Yes, I'm taking all precautions for my house.I'm just considering renting space at a A1 storage for the 2 week I am out of town. I'm wondering if that sounds like a sound idea. The  storage facility requires a pass card to enter and is only open from 8 am - 10 pm. 


a


----------



## ElDiabloConCaca (Jul 9, 2009)

That sounds reasonable -- just be sure that the storage facility has a better security track record than your home, otherwise you may be moving your computers to a less secure facility!


----------



## Greg_Reez (Jul 9, 2009)

Renting space elsewhere or leaving them with a friend is your best bet. Unfortunate things happen all the time and although chances are slim for home robberies or break-ins, all it takes is that one time for all of your computers to be swiped. 

If you choose not to rent at a storage facility, which I believe most have a one month rent minimum with deposit, then purchase a few electrical timers at your nearest hardware store.
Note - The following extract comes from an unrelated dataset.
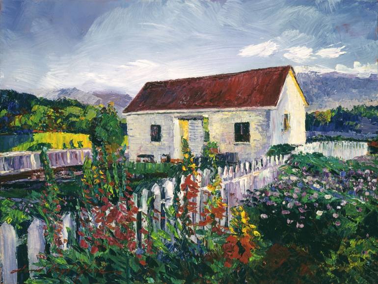 Impressions of a Gardener’s work shed surrounded by a white picket fence and blooming early summer flowers. Palette knife oil on canvas painting 30.4 x 40.6cm by David Lloyd Glover

Place a lamp or two near front windows and plug them into the timer, and set it for whenever it gets dark. It'll appear that someone is home in the evening. And in the meantime put your valuable systems in the closet. That way, should the unfortunate still manage to take place, your systems will be hidden from view.

One thing I learned though while living near some of the lower class neighborhoods of N. California is that if someone does choose your house, they will most likely search everywhere. Hiding things will only slow them down very little. And they go for houses that look like easy break-ins. Keeping lights on timers should cause them to think twice, and they'll end up moving on to the next easy house.


----------



## heaven1102 (Aug 19, 2009)

Thank you for your information 


Computer


----------



## chevy (Aug 20, 2009)

Depneding what you are looking for, you may want to have your computers at different places, so that if one get stolen you keep the others.

It increases the risk of a loss, but decreases the risk of a total loss.


----------



## Satcomer (Aug 20, 2009)

Make sure you make a bootable backup on your Mac (and external disk), just in case. Before you secure them place the external somewhere else if you have important business files you can't loose.

Plus i just came across the web site SecuritySpy. It has a good program for Mac and has a list in it's pages for supported cameras that you can control from anywhere on the net.


----------



## arnolfo (Sep 19, 2009)

I like the sound of that. I'll look into it. Thanks!


----------